11) Do que ficou dito decorre claramente que ao defender a liberdade de criação, não pretendemos
absolutamente justificar o indiferentismo político e longe está de nosso
pensamento querer ressuscitar uma arte dita “pura” que de ordinário serve aos
objetivos mais do que impuros da reação. Não, nós temos um conceito muito
elevado da função da arte para negar sua influência sobre o destino da
sociedade. Consideramos que a tarefa suprema da arte em nossa época é
participar consciente e ativamente da preparação da revolução.

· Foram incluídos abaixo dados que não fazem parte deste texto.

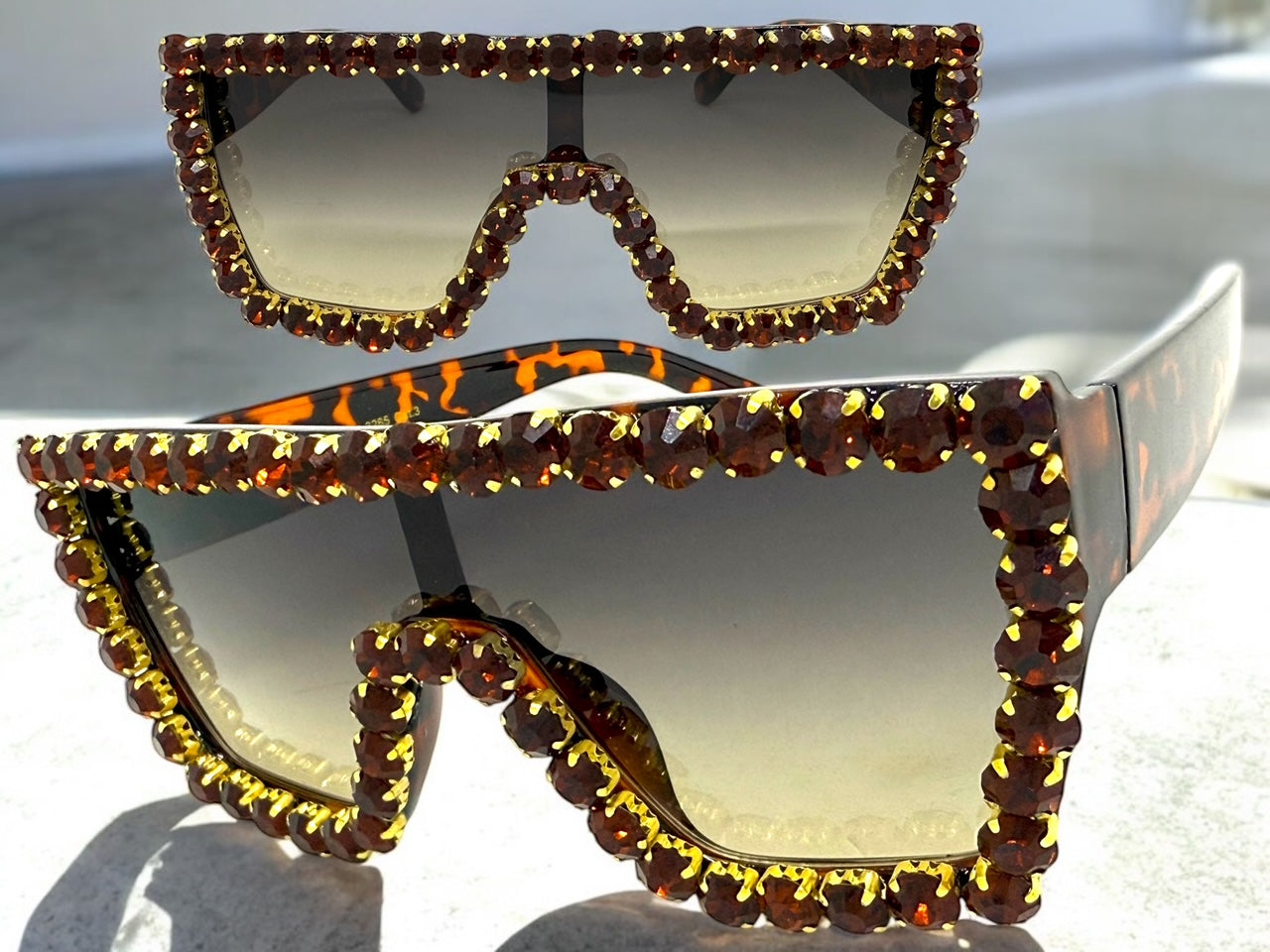 Tortoise Frame Embellished with Large Sparkling Rhinestones

No entanto, o
artista só pode servir à luta emancipadora quando está compenetrado
subjetivamente de seu conteúdo social e individual, quando faz passar por seus
nervos o sentido e o drama dessa luta e quando procura livremente dar uma
encarnação artística a seu mundo interior.
12) Na época atual, caracterizada pela agonia do capitalismo, tanto democrático quanto
fascista, o artista, sem ter sequer necessidade de dar a sua dissidência social
uma forma manifesta, vê-se ameaçado da privação do direito de viver e de
continuar sua obra pelo bloqueio de todos os seus meios de difusão. É natural
que se volte então para as organizações estalinistas que lhe oferecem a
possibilidade de escapar a seu isolamento. Mas sua renúncia a tudo que pode
constituir sua mensagem própria e as complacência degradantes que essas
organizações exigem dele em troca de certas possibilidades materiais lhe
proíbem manter-se nelas, por menos que a desmoralização seja impotente para
vencer seu caráter. É necessário, desde este instante, que ele
compreenda que seu lugar está além, não entre aqueles que traem a causa da
revolução e ao mesmo tempo, necessariamente, a causa do homem, mas entre
aqueles que dão provas de sua fidelidade inabalável aos princípios dessa
revolução, entre aqueles que, por isso, permanecem como os únicos qualificados
para ajudá-Ia a realizar-se e para assegurar por ela a livre expressão ulterior
de todas as manifestações do gênio humano.
13) O objetivo do presente apelo é encontrar um terreno para reunir todos os defensores
revolucionários da arte, para servir a revolução pelos métodos da arte e
defender a própria liberdade da arte contra os usurpadores da revolução.
Estamos profundamente convencidos de que o encontro nesse terreno é possível
para os representantes de tendências estéticas, filosóficas e políticas
razoavelmente divergentes. Os marxistas podem caminhar aqui de mãos dadas com
os anarquistas, com a condição que uns e outros rompam implacavelmente com o
espírito policial reacionário, quer seja representado por Josef Stálin ou por
seu vassalo Garcia Oliver.
14) Milhares e milhares de pensadores e de artistas isolados, cuja voz é coberta pelo
tumulto odioso dos falsificadores arregimentados, estão atualmente dispersos no
mundo. Numerosas pequenas revistas locais tentam agrupar a sua volta forças
jovens, que procuram vias novas e não subvenções. Toda tendência progressiva na
arte é difamada pelo fascismo como uma degenerescência. Toda criação livre é
declarada fascista pelos estalinistas. A arte revolucionária independente deve
unir-se para a luta contra as perseguições reacionárias e proclamar bem alto
seu direito à existência. Uma tal união é o objetivo da Federação Internacional
da Arte Revolucionária Independente (FIARI) que julgamos necessário criar.
15) Não temos absolutamente a intenção de impor cada uma das idéias contidas neste apelo, que
nós mesmos consideramos apenas um primeiro passo na nova via. A todos os
representantes da arte, a todos seus amigos e defensores que não podem deixar
de compreender a necessidade do presente apelo, pedimos que ergam a voz
imediatamente. Endereçamos o mesmo apelo a todas as publicações independentes
de esquerda que estão prontas a tomar parte na criação da Federação
Internacional e no exame de suas tarefas e métodos de ação.
16) Quando um primeiro contato internacional tiver sido estabelecido pela imprensa e pela
correspondência, procederemos à organização de modestos congressos locais e
nacionais. Na etapa seguinte deverá reunir-se um congresso mundial que
consagrará oficialmente a fundação da Federação Internacional.
O que queremos:
a independência da arte - para a revolução
a revolução - para a liberação definitiva da arte.